Give back the full listing verbatim, apart from its images.

== The data ==
Start of Block

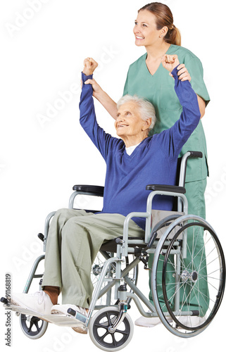 Elderly Woman in Wheelchair Doing Rehabilitation with Caregiver Assistance
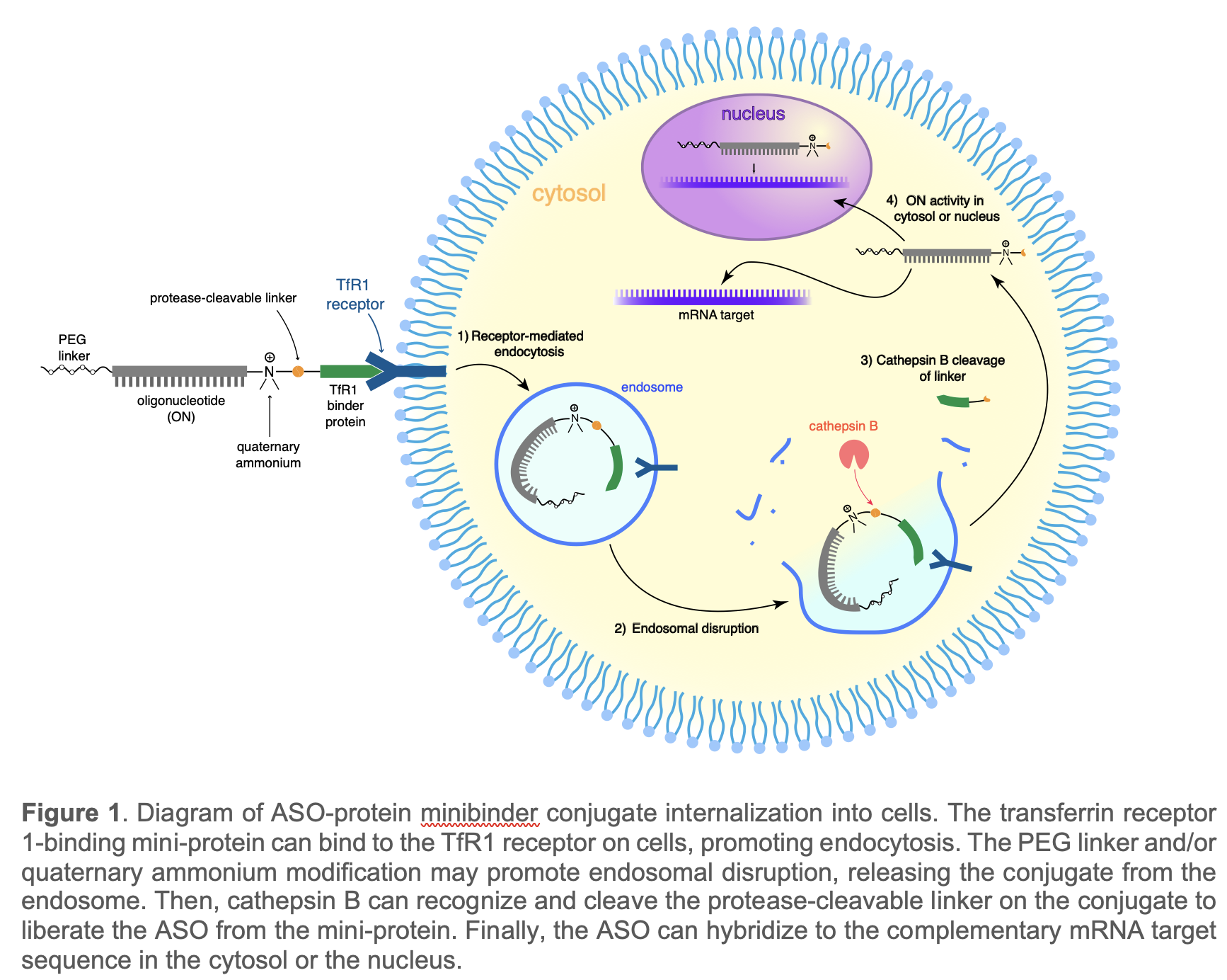 Outcome: This stage of the project was not achieved, but we anticipate that conjugation of the protein-linker to ASO would be simple and could therefore be easily tested for endosomal escape.
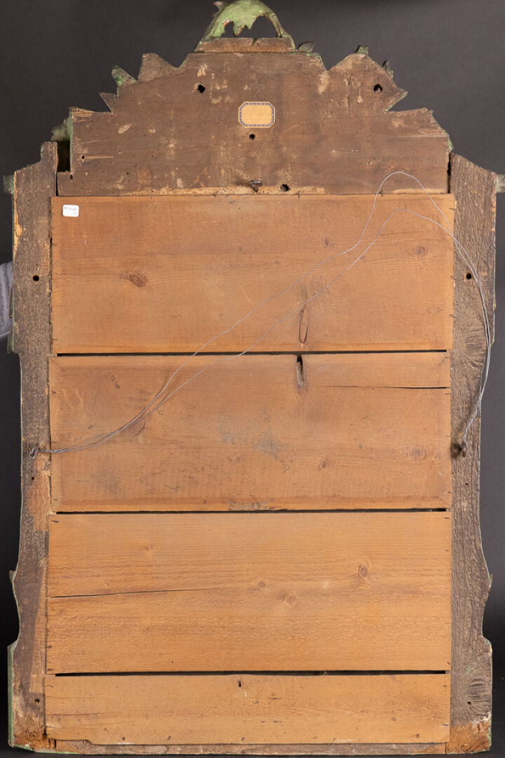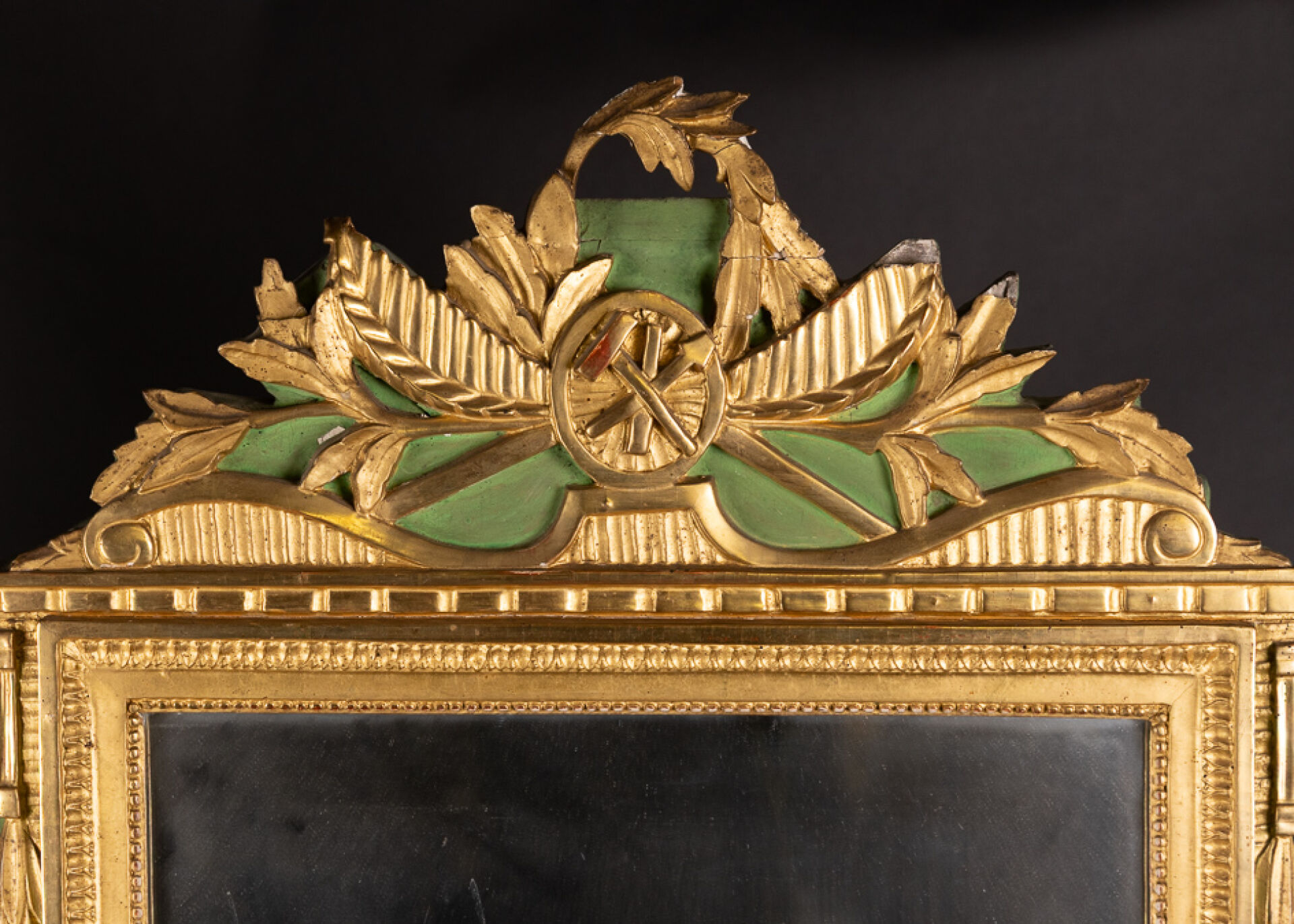Miroir en bois laqué vert et rechampi or, l'encadrement à feuilles d'oves et frise de perles, le fronton aux outils, et rameaux feuillagés soulignés de volutes (restaurations). Style Louis XVI ancien. Haut. : 108 cm - Larg. : 72 cm

End of Block

== Problem solution ==
 Elderly Woman in Wheelchair Doing Rehabilitation with Caregiver Assistance
 Outcome: This stage of the project was not achieved, but we anticipate that conjugation of the protein-linker to ASO would be simple and could therefore be easily tested for endosomal escape.
Miroir en bois laqué vert et rechampi or, l'encadrement à feuilles d'oves et frise de perles, le fronton aux outils, et rameaux feuillagés soulignés de volutes (restaurations). Style Louis XVI ancien. Haut. : 108 cm - Larg. : 72 cm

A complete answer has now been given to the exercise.